■ **TASK BRIEF**:
Skip any pictures. Repeat the data exactly, from its first line through the line that holds "(2)- Biến động", both included.

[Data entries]

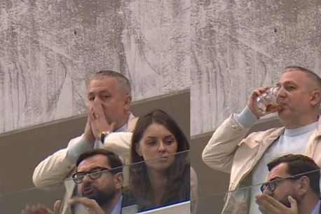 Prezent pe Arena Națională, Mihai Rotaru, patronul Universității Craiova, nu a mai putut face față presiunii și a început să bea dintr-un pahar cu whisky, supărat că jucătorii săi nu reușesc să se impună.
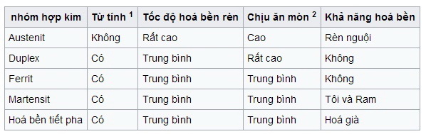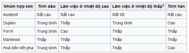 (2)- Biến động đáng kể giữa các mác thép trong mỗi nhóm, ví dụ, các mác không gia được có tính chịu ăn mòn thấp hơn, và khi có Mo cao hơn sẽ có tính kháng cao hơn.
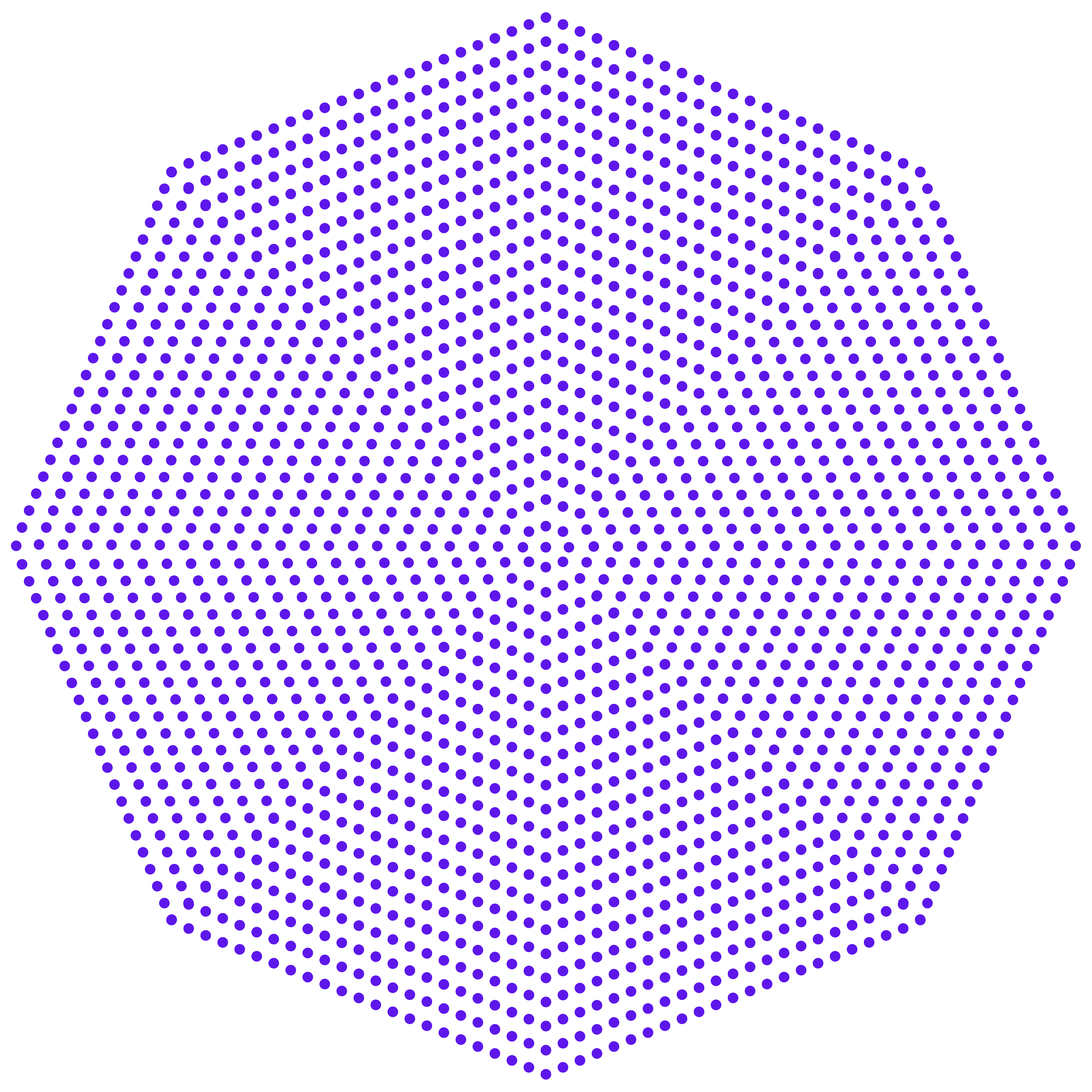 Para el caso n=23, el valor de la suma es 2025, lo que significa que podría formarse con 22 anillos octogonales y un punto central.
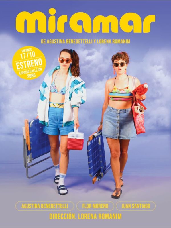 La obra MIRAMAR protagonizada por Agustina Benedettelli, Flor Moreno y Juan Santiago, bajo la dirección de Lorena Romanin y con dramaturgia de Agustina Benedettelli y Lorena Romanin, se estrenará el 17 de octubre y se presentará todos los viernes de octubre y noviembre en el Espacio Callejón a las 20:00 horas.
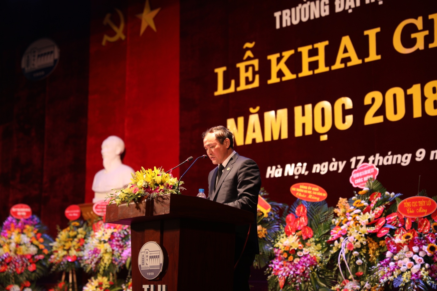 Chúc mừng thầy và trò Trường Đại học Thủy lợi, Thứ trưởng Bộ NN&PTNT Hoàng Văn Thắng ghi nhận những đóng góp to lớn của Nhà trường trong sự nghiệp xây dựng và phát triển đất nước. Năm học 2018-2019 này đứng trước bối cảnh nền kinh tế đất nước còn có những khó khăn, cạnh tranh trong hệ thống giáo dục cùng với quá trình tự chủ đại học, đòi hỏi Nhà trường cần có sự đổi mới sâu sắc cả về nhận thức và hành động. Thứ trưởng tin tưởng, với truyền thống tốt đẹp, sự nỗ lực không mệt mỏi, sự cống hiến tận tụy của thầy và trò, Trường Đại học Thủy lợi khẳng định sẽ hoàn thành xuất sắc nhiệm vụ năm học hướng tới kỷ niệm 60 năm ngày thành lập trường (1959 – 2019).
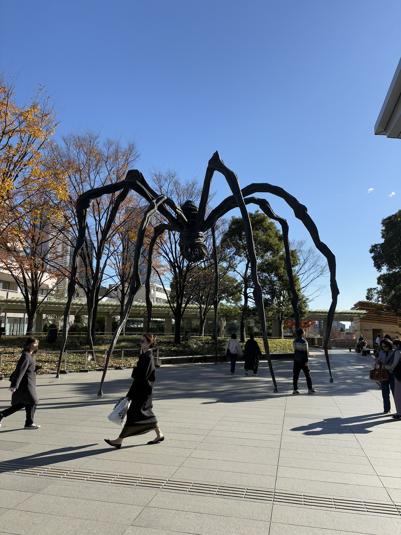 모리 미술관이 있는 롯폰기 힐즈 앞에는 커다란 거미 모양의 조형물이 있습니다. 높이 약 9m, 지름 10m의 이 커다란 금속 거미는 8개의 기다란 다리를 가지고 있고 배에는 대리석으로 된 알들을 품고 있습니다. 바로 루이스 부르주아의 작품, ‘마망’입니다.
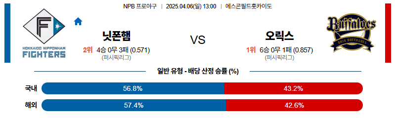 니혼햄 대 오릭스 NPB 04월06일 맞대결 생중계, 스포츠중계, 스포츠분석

■ **COMPLETED EXERCISE**:
 Prezent pe Arena Națională, Mihai Rotaru, patronul Universității Craiova, nu a mai putut face față presiunii și a început să bea dintr-un pahar cu whisky, supărat că jucătorii săi nu reușesc să se impună.
 (2)- Biến động đáng kể giữa các mác thép trong mỗi nhóm, ví dụ, các mác không gia được có tính chịu ăn mòn thấp hơn, và khi có Mo cao hơn sẽ có tính kháng cao hơn.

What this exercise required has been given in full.